The paper evaluates SafeGround on ScreenSpot-Pro, a professional high-resolution GUI grounding benchmark with 1,581 screenshot-instruction pairs. The benchmark is suitable for this study because it contains dense, visually complex interfaces where neighboring UI elements can be hard to distinguish.

The authors test six GUI grounding models: Holo1.5-3B, Holo1.5-7B, GUI-Actor-2VL-7B, GUI-Actor-2.5VL-7B, UI-TARS-1.5-7B, and GTA1-7B. They evaluate uncertainty quality, selective prediction under false discovery rate control, and cascading inference to a stronger model.

These experiments serve different purposes. Mixing them together as “SafeGround improves performance” would be too crude.

Experiment or analysis	Likely purpose	What it supports	What it does not prove
AUROC and AUARC comparisons	Main evidence for uncertainty quality	Spatial uncertainty is useful for separating likely-correct from likely-wrong clicks	It does not by itself provide deployment risk control
FDR calibration tests	Main evidence for risk control	Calibrated thresholds keep accepted-error rates below target levels in the benchmark setting	It does not guarantee success under distribution shift
Power comparison	Operational usefulness test	SafeGround can retain more correct actions than weaker uncertainty baselines under the same risk constraint	It does not mean every action should be automated
Cascading inference	System-level deployment test	A weaker/local model plus selective escalation can beat base models and sometimes Gemini-only inference	It does not provide full cost accounting
Sampling-size sensitivity	Robustness and implementation-cost test	Around 10 samples appears effective; more samples show diminishing returns	It does not remove sampling overhead
Component ablation	Ablation	The three uncertainty components capture complementary failure modes	It does not show one universal component is enough
Split-ratio, temperature, and weighting analyses	Robustness/sensitivity tests	The method is not extremely fragile to moderate setting changes	It does not eliminate the need for calibration data
Qualitative case studies	Illustration	The spatial uncertainty score can reflect visible ambiguity	It is not the main statistical evidence

This classification matters because papers often accumulate experiments until the reader loses track of what each one is supposed to establish. In this case, the logical chain is clean:

The uncertainty score must separate safer clicks from riskier clicks.
The calibrated threshold must control accepted-action error.
Selective admission or escalation must improve system behavior.
Sensitivity tests must show the mechanism is not a delicate laboratory flower.
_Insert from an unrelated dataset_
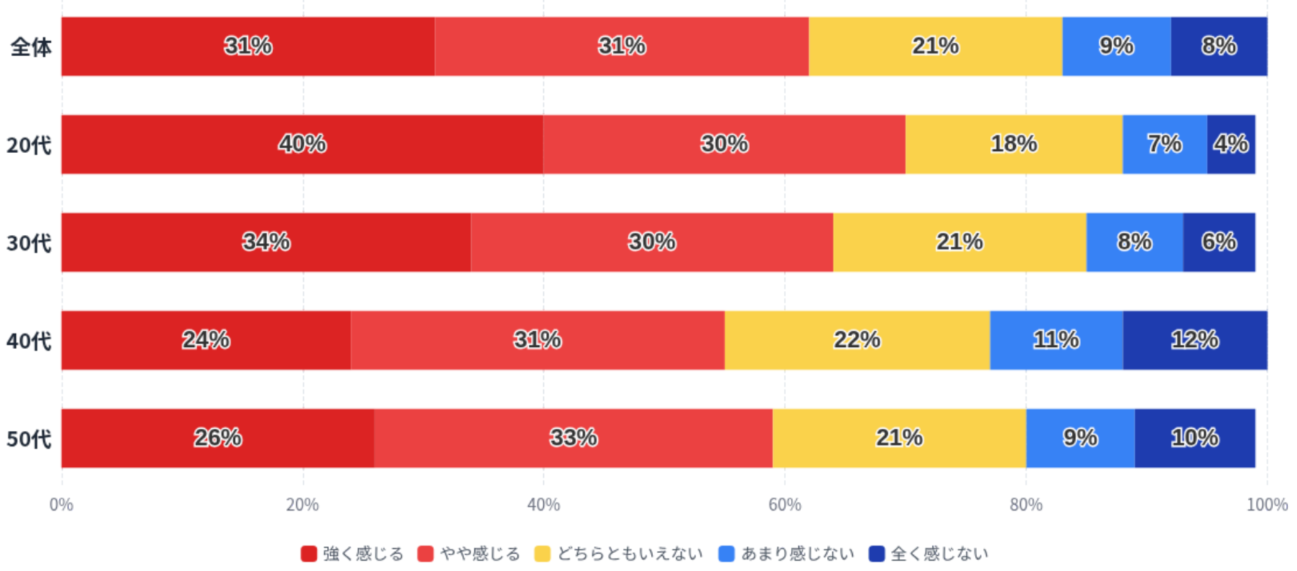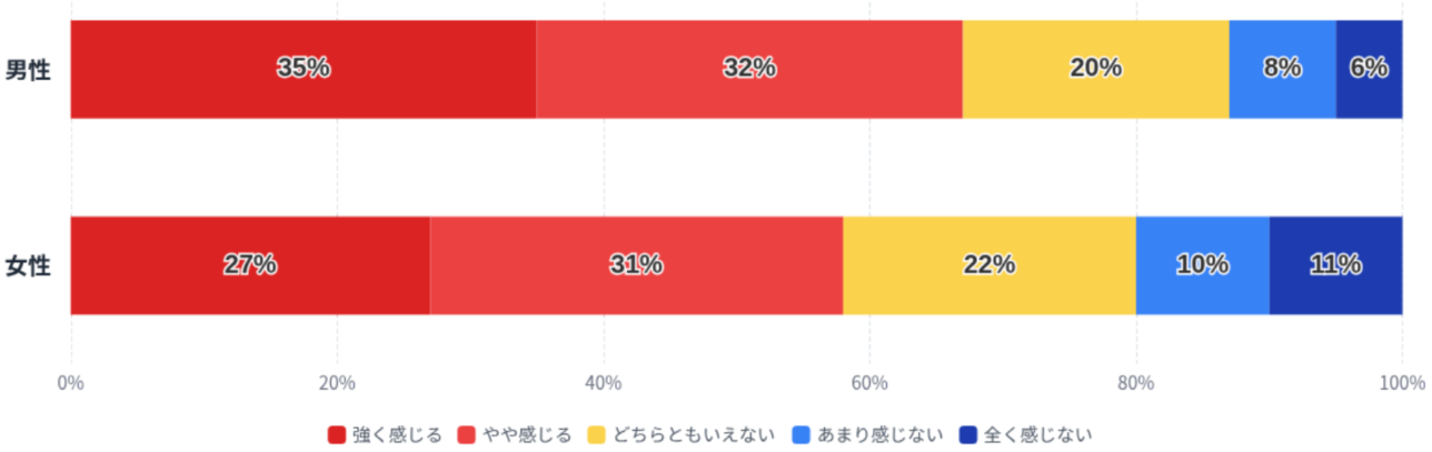 また、性別で見ると、「強く感じる」と回答した割合は男性が35%、女性が27%と差があり、一方で「全く感じない」は女性が11%と、男性(6%)を上回っています。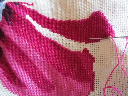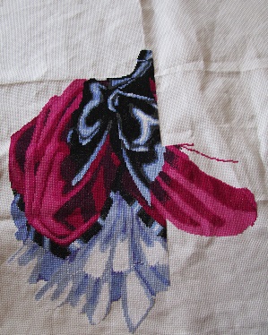 コタツに座椅子、ステッチの材料をテーブルに置いて・・・

The paper provides evidence for each step, though with boundaries that matter for real deployment.

Spatial uncertainty is more useful than token confidence

The first empirical question is whether SafeGround’s uncertainty score can identify wrong predictions better than a probability-based baseline.

The paper uses AUROC to measure whether the uncertainty score separates incorrect from correct predictions. Higher AUROC means the uncertainty score is better at ranking errors as risky. Where probabilistic confidence is available, SafeGround’s combined uncertainty score improves AUROC across the reported comparisons:

Model	Probabilistic confidence AUROC	SafeGround combined AUROC	Interpretation
Holo1.5-3B	0.7576	0.8056	Spatial dispersion is noticeably more informative
Holo1.5-7B	0.6983	0.7526	Better discrimination despite a stronger base model
UI-TARS-1.5-7B	0.7844	0.8021	Smaller but still positive gain
GTA1-7B	0.6114	0.6344	Improvement, but uncertainty remains weaker

For GUI-Actor variants, probabilistic confidence is not directly available, which is part of the point. SafeGround still produces usable AUROC values because it depends on sampled coordinates rather than internal probability access.

AUARC tells a related but more deployment-flavored story: if we reject higher-uncertainty predictions, does accepted accuracy improve? SafeGround generally performs well here too, though the GTA1 AUARC comparison is essentially a near-tie and slightly below the probabilistic confidence baseline. That small exception is worth noting because it prevents the result from becoming too neat. The method is strong, not enchanted.

The ablation results explain why combining the three uncertainty components helps. Different models benefit from different signals. For GTA1, one component is more informative; for GUI-Actor and Holo1.5, others matter more. No single uncertainty component dominates across all models. The combined score is therefore less about finding the one perfect measure and more about building a model-agnostic risk signal that behaves reasonably across architectures.

That is the right goal for a plug-in safety layer. Enterprise systems rarely get the luxury of tuning a bespoke uncertainty philosophy for every model update.

FDR control is the safety claim; accuracy gain is the bonus

The paper’s most important evidence is not the accuracy table. It is the false discovery rate control.

SafeGround calibrates thresholds for different user-specified risk levels and evaluates test-time FDR across repeated calibration-test splits. The reported results show empirical FDR staying below the theoretical upper bound across tested models and risk levels.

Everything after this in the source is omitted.